I have four variables as below in a data.frame which continues on thousands of rows:
One Two Three Four
TRUE TRUE FALSE FALSE
FALSE TRUE TRUE TRUE
TRUE FALSE FALSE TRUE
TRUE TRUE TRUE FALSE
FALSE TRUE FALSE TRUE
FALSE FALSE TRUE FALSE
TRUE FALSE FALSE TRUE
I want to create two new variables, one which merges columns one and two, the second which merges columns three and four. So each new column would display TRUE if either or both of the two columns displayed TRUE, and would display FALSE if both were false. The resulting data would look like this:
One Two OneTwo Three Four ThreeFour
TRUE TRUE TRUE FALSE FALSE FALSE
FALSE TRUE TRUE TRUE TRUE TRUE
TRUE FALSE TRUE FALSE TRUE TRUE
TRUE TRUE TRUE FALSE FALSE FALSE
FALSE FALSE FALSE FALSE TRUE TRUE
FALSE FALSE FALSE TRUE FALSE TRUE
TRUE FALSE TRUE FALSE TRUE TRUE
Any help would be much appreciated. I've looked through some other questions but can't find how to do this specifically.

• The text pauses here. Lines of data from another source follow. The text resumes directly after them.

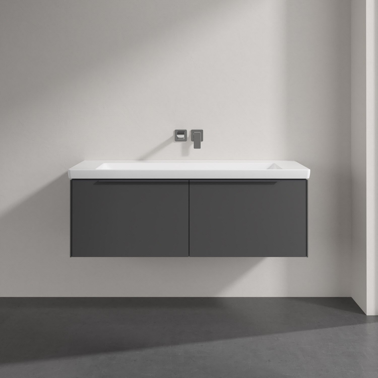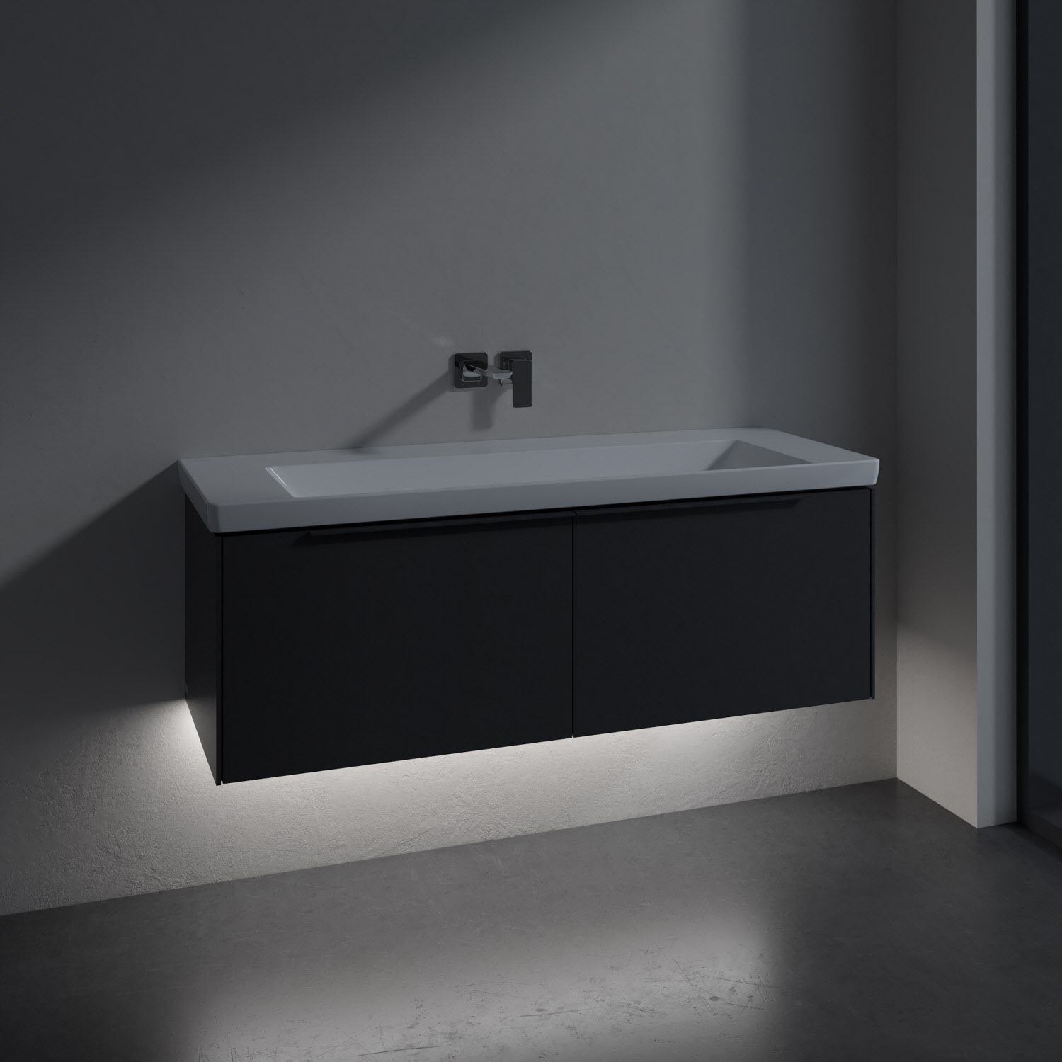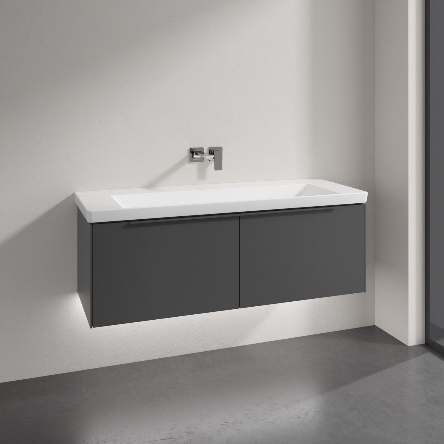 Villeroy & Boch Subway 3.0 Badmöbel-Set 130 cm mit Beleuchtung, Griff in Möbelfarbe, 2 Auszüge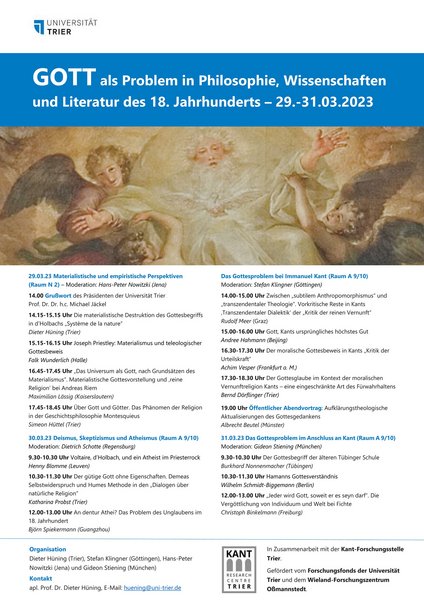 11.45–12.45: Dieter Hüning (Trier): „[D]iese moralische Ordnung ist das Göttliche, das wir annehmen“. Radikalisierungen Kantischer Positionen im Atheismusstreit von 1799
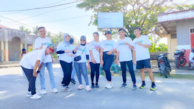 Jalan sehat diikuti oleh para insan BUMN dan masyarakat umum, termasuk turut dihadiri oleh Bupati Bolmut Depri Pontoh.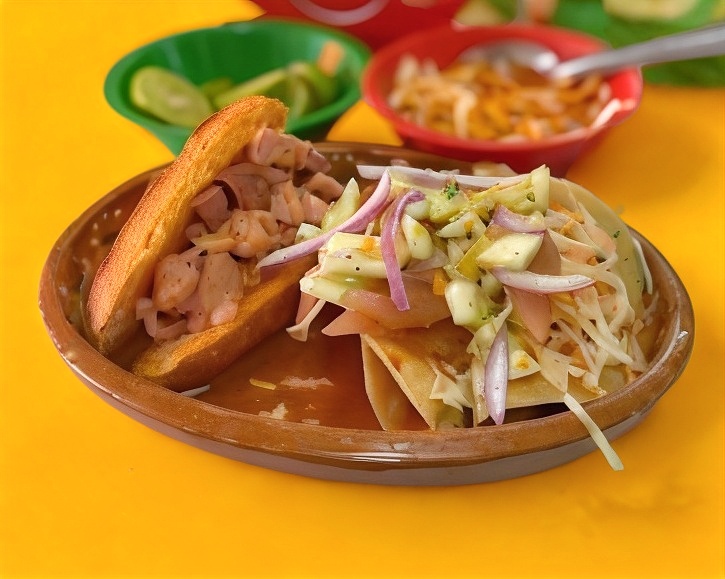 Torta ahogada tradicional de carnitas y salsas recién echas y limon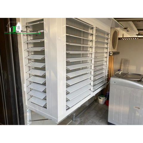 具備通風與遮蔽效果,可依需求調整葉片角度,兼顧採光、通風與隱私,並能有效遮蔽冷氣室外機、管線設備或儲藏空間,維持建築外觀整潔。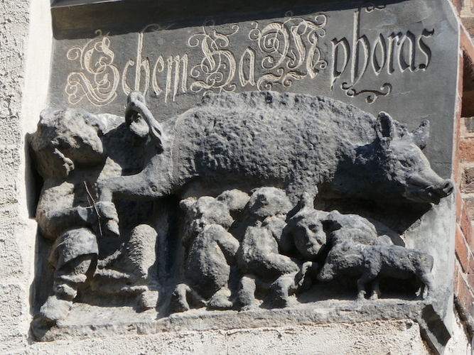 La escultura en Wittenberg, que data de 1305, es conocida por la mención al nombre de Dios, Shem Hamphoras, que se destaca en la fachada de la iglesia, encima de la marrana. El espíritu de ese Judensau quedó evidenciado en el tristemente célebre texto de Lutero “De los judíos y sus mentiras”. Es ahí, en el capítulo que tuvo a bien bautizar “von Shem Hamephoras” donde invita a las masas a destruir sinagogas, quemar libros y expulsar judíos, inspirando así a la Shoa.
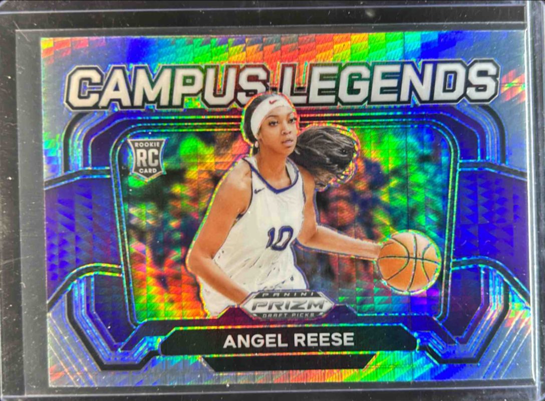 The Angel Reese 2024 Prizm Draft Picks #4 Campus Legends - Hyper Rookie card is 1 of 240 Angel Reese's card variations in the 2024 Prizm Draft Picks set being tracked by Sports Card Investor, including #38b Base, #38 Base, #38 Variation, #38 Green, and #38b Green.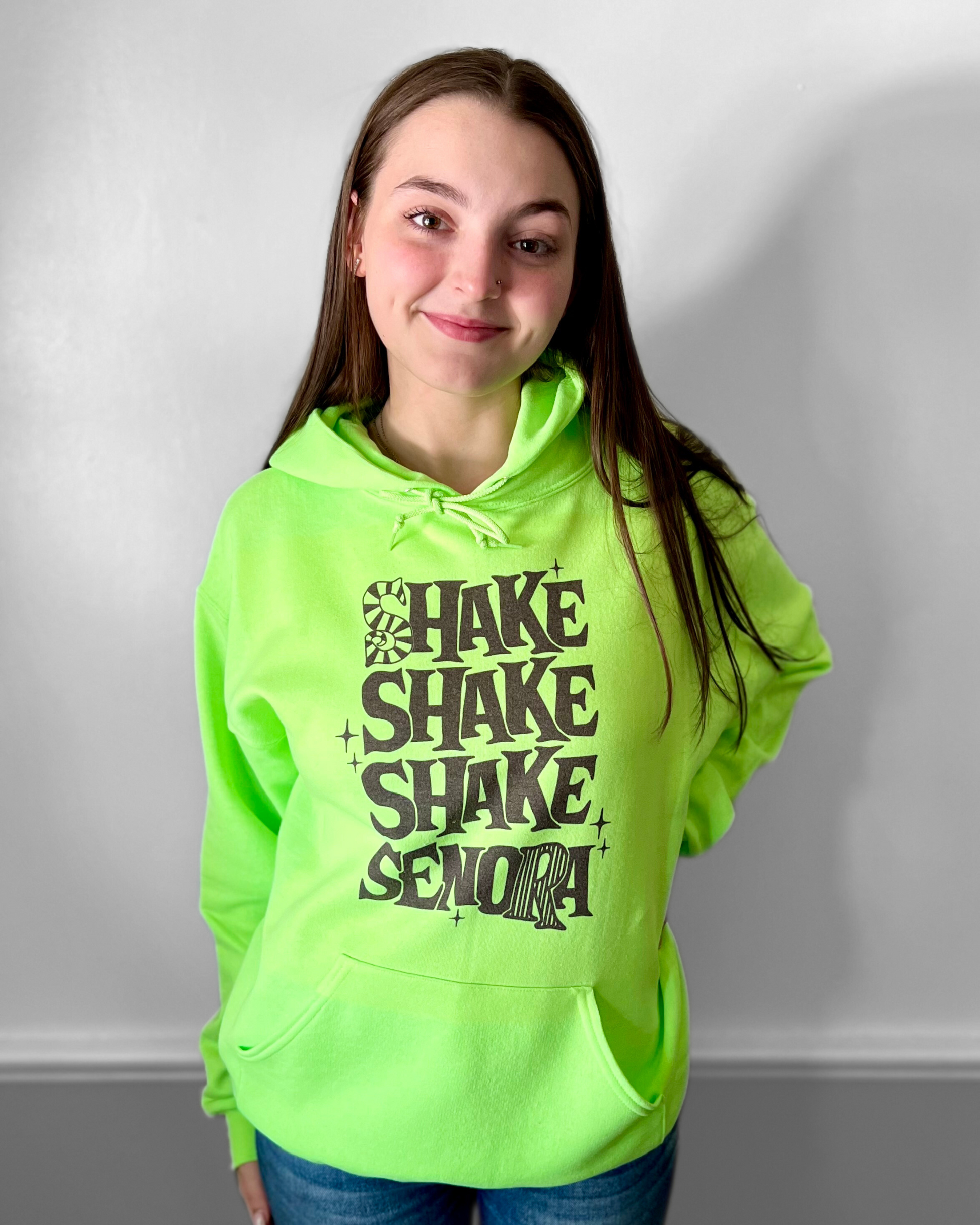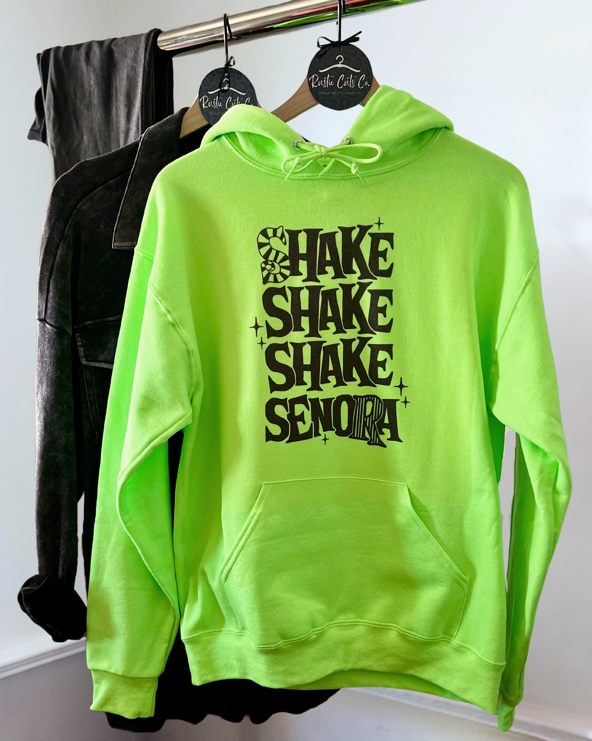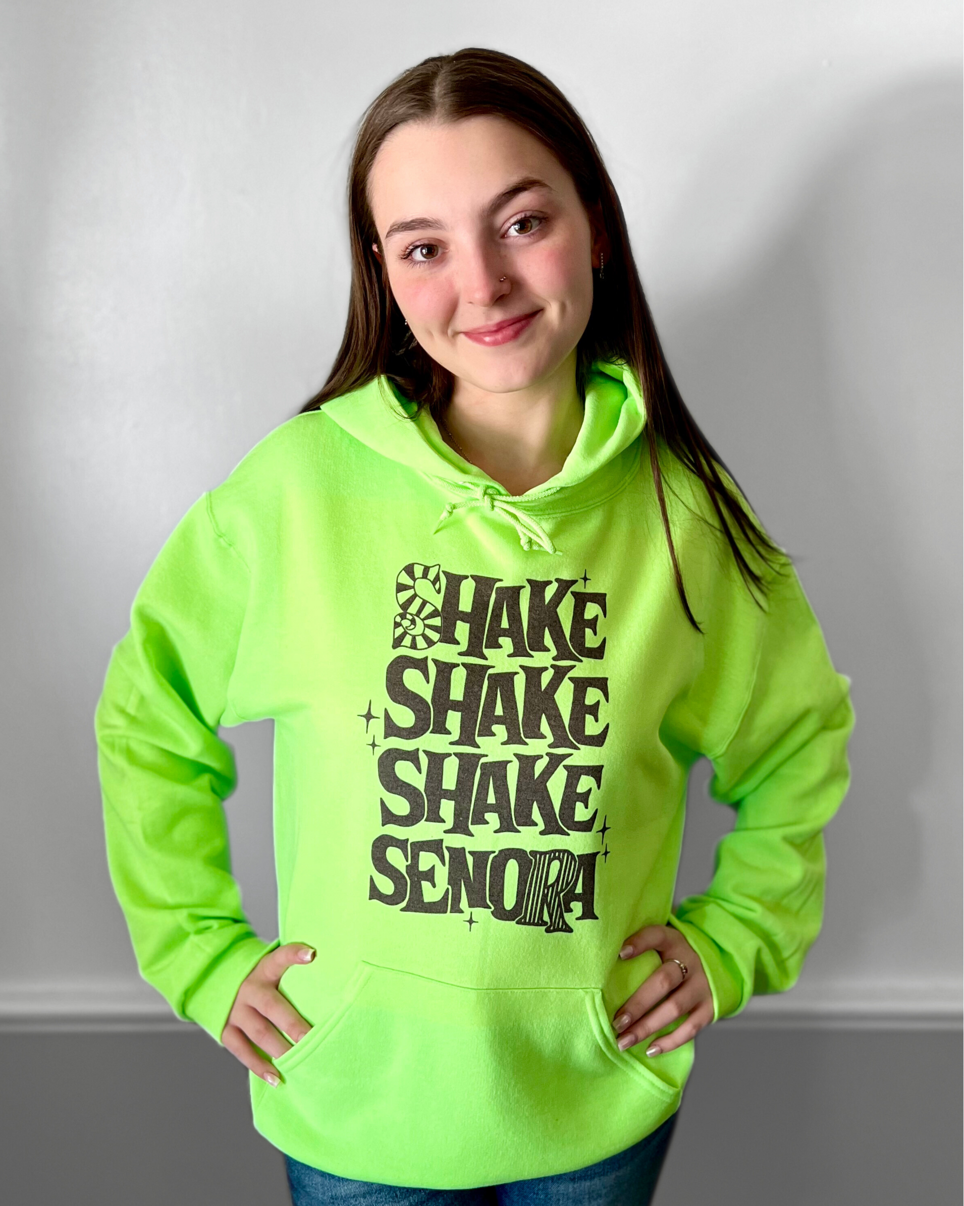 Get ready to turn your fall vibes up to 11 with our newest graphic sweatshirt. Our “Shake Shake Shake Senora” design is here to bring a touch of magic to your Halloween season.

How do I concatenate two columns in R? To concatenate two columns you can use the <code>paste()</code> function. For example, if you want to combine the two columns A and B in the dataframe df you can use the following code: <code>df['AB'] <- paste(df$A, df$B)</code>.
The merge() function in base R can be used to merge input dataframes by common columns or row names. The merge() function retains all the row names of the dataframes, behaving similarly to the inner join. The dataframes are combined in order of the appearance in the input function call.
To merge two data frames (datasets) horizontally, use the merge() function in the R language. To bind or combine rows in R, use the rbind() function. The rbind() stands for row binding.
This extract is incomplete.